In the early 1970s, a frightening rumor spread through the campuses of Madison College and Mary Baldwin College.
The story was attributed to the premier astrologer/soothsayer of the day, Jeanne Dixon, and said that a female college administrator wearing a red dress would kill a coed at a college in Virginia 's Shenandoah Valley whose name began with an “M.”
Even though their schools weren't in the Shenandoah Valley, the students at Marymount College in Arlington and Mary Washington College in Fredericksburg were caught up in the panic.
At that time, Jeanne Dixon predictions were to be feared. The noted clairvoyant was credited with predicting the assassinations of Mahatma Ghandhi, John and Robert Kennedy and Martin Luther King – as well as the launching of the Soviet satellite Sputnik and the airplane crash that killed United Nations Secretary-General Dag Hammarskjöld.
(For the record, Dixon also predicted that a comet would strike the earth in the mid-1980s, that Russia would be the first nation to put men on the moon, that World War III would begin in 1954 and that Fidel Castro would be overthrown in 1970.)

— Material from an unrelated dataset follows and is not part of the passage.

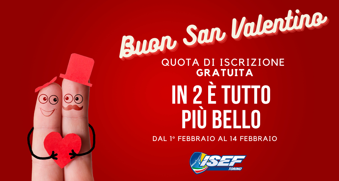 Dal 1° al 14 Febbraio 2023 porta la tua persona del cuore e iscrivetevi ad uno dei corsi dell’ISEF.

The Dixon rumor about murders and mayhem on campus apparently began in another part of the country but morphed and spread to Virginia.

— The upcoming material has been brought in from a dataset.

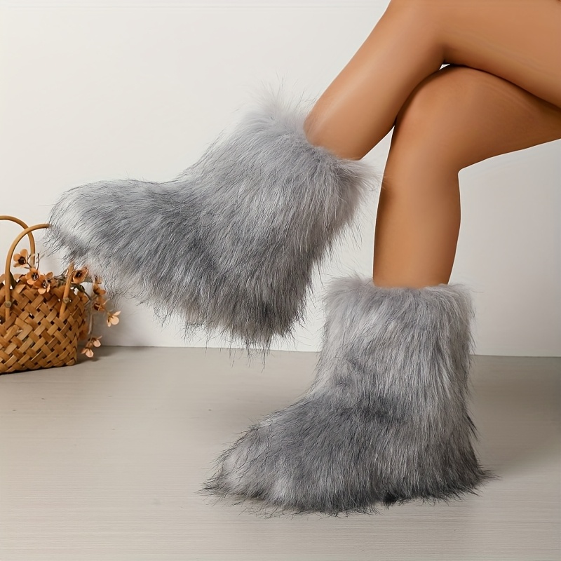Women's Faux Fur Boots, Winter Snow Boots, Warm Fluffy Faux Fur Snow Boots, Outdoor Flat Bottom Warm Shoes, Suitable for Christmas And Valentine's Day Gifts (Style Enthusiasts), Essential Tools for Warmth -3 Colors

In the late 1960s, a chilling rumor had gone around Michigan that at least 50 young women would be murdered on five college campuses. Dixon denied making any such predictions.
Dixon, who died in 1997, also denied forecasting scary events about female college administrators wearing red dresses and killing Virginia coeds.
Of course, that didn't totally allay the fears of students at the “M” schools.
Happily, no one was murdered or even bodily injured by an angry administrator wearing red.
But a number of female college administrators at Madison College, Mary Baldwin College and others were very careful about the color of dresses they chose for a while.